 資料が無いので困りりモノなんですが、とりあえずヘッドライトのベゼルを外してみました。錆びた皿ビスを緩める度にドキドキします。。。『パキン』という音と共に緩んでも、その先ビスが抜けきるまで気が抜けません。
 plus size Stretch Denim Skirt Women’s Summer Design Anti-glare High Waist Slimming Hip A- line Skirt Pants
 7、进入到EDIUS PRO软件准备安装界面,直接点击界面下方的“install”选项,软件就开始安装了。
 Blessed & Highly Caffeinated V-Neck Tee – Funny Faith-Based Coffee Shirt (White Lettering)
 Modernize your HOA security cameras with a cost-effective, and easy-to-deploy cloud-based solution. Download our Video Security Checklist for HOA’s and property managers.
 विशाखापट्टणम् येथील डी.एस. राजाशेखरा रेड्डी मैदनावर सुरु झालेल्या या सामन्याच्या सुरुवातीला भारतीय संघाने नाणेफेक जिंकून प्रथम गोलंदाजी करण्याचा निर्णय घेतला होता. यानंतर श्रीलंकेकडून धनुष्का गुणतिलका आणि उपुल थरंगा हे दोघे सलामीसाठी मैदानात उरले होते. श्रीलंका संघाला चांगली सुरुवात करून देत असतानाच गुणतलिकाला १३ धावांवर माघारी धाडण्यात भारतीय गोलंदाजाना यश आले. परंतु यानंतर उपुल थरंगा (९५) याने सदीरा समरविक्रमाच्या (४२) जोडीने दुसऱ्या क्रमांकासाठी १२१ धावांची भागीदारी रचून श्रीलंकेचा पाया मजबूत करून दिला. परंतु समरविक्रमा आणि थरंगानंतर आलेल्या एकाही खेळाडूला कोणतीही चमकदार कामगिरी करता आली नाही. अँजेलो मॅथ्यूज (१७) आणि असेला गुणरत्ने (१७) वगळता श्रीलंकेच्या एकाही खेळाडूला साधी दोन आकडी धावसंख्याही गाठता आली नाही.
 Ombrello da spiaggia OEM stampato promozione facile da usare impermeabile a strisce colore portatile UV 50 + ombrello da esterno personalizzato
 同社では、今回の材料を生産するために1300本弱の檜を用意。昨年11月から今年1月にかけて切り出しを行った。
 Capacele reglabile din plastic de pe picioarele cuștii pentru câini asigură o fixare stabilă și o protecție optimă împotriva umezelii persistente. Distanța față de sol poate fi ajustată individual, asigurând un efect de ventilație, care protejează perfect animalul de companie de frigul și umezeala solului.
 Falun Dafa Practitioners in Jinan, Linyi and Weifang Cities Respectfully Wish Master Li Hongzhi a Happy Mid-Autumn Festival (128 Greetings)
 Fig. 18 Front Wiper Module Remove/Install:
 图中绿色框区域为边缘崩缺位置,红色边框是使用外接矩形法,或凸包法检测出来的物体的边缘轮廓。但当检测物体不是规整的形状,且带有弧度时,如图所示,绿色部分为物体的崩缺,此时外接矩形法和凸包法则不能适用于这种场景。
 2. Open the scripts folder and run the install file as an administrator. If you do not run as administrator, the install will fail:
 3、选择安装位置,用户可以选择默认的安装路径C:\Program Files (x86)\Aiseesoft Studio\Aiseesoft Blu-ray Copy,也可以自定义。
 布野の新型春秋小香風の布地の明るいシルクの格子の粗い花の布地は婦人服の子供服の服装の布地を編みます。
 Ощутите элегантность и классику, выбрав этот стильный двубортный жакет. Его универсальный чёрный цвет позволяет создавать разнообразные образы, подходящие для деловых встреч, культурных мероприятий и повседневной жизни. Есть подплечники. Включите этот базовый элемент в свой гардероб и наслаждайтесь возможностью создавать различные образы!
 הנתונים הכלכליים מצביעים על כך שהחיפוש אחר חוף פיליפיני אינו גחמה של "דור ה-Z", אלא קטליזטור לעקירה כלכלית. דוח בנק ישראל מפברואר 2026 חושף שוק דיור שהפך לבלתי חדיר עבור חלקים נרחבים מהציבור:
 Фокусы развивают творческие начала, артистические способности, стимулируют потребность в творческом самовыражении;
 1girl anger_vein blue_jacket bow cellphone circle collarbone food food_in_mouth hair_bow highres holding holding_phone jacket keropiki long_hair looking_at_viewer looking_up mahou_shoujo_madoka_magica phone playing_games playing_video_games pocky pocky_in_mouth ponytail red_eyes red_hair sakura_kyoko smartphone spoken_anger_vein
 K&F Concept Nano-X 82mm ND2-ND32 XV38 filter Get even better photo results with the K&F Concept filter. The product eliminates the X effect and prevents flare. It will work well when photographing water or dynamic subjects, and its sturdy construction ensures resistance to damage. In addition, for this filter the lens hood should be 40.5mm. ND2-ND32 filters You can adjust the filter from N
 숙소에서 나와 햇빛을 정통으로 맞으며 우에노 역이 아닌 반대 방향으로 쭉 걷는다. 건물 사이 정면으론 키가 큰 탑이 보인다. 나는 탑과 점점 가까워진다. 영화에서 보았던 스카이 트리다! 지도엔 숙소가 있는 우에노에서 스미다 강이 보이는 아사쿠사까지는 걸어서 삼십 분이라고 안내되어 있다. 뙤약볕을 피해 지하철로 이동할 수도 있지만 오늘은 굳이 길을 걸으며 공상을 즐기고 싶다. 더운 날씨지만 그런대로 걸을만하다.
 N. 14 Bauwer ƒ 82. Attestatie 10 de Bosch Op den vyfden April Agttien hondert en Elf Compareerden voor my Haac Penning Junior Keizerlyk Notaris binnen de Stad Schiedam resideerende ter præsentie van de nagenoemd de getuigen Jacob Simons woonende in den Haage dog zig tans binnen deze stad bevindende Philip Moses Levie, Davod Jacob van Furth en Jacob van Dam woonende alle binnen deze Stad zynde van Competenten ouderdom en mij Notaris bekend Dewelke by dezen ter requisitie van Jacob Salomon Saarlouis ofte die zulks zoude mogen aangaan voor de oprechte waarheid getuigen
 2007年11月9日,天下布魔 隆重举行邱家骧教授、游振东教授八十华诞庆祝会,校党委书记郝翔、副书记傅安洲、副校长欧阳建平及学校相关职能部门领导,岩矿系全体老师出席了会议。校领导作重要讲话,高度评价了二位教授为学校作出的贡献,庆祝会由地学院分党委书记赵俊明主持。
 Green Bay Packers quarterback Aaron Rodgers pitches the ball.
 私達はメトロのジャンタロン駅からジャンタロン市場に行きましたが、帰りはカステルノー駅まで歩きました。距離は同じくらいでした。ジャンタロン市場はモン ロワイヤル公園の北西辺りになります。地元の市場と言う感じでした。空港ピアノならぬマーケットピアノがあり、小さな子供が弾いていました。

=== Activity ===
Please copy the lines in the records above between the one holding "3、选择安装位置,用户可以选择默认的安装路径C:\Program Files (x86)\Aiseesoft" and the one holding "숙소에서 나와 햇빛을", inclusive, exactly and with no other line.

=== Output for this task ===
 3、选择安装位置,用户可以选择默认的安装路径C:\Program Files (x86)\Aiseesoft Studio\Aiseesoft Blu-ray Copy,也可以自定义。
 布野の新型春秋小香風の布地の明るいシルクの格子の粗い花の布地は婦人服の子供服の服装の布地を編みます。
 Ощутите элегантность и классику, выбрав этот стильный двубортный жакет. Его универсальный чёрный цвет позволяет создавать разнообразные образы, подходящие для деловых встреч, культурных мероприятий и повседневной жизни. Есть подплечники. Включите этот базовый элемент в свой гардероб и наслаждайтесь возможностью создавать различные образы!
 הנתונים הכלכליים מצביעים על כך שהחיפוש אחר חוף פיליפיני אינו גחמה של "דור ה-Z", אלא קטליזטור לעקירה כלכלית. דוח בנק ישראל מפברואר 2026 חושף שוק דיור שהפך לבלתי חדיר עבור חלקים נרחבים מהציבור:
 Фокусы развивают творческие начала, артистические способности, стимулируют потребность в творческом самовыражении;
 1girl anger_vein blue_jacket bow cellphone circle collarbone food food_in_mouth hair_bow highres holding holding_phone jacket keropiki long_hair looking_at_viewer looking_up mahou_shoujo_madoka_magica phone playing_games playing_video_games pocky pocky_in_mouth ponytail red_eyes red_hair sakura_kyoko smartphone spoken_anger_vein
 K&F Concept Nano-X 82mm ND2-ND32 XV38 filter Get even better photo results with the K&F Concept filter. The product eliminates the X effect and prevents flare. It will work well when photographing water or dynamic subjects, and its sturdy construction ensures resistance to damage. In addition, for this filter the lens hood should be 40.5mm. ND2-ND32 filters You can adjust the filter from N
 숙소에서 나와 햇빛을 정통으로 맞으며 우에노 역이 아닌 반대 방향으로 쭉 걷는다. 건물 사이 정면으론 키가 큰 탑이 보인다. 나는 탑과 점점 가까워진다. 영화에서 보았던 스카이 트리다! 지도엔 숙소가 있는 우에노에서 스미다 강이 보이는 아사쿠사까지는 걸어서 삼십 분이라고 안내되어 있다. 뙤약볕을 피해 지하철로 이동할 수도 있지만 오늘은 굳이 길을 걸으며 공상을 즐기고 싶다. 더운 날씨지만 그런대로 걸을만하다.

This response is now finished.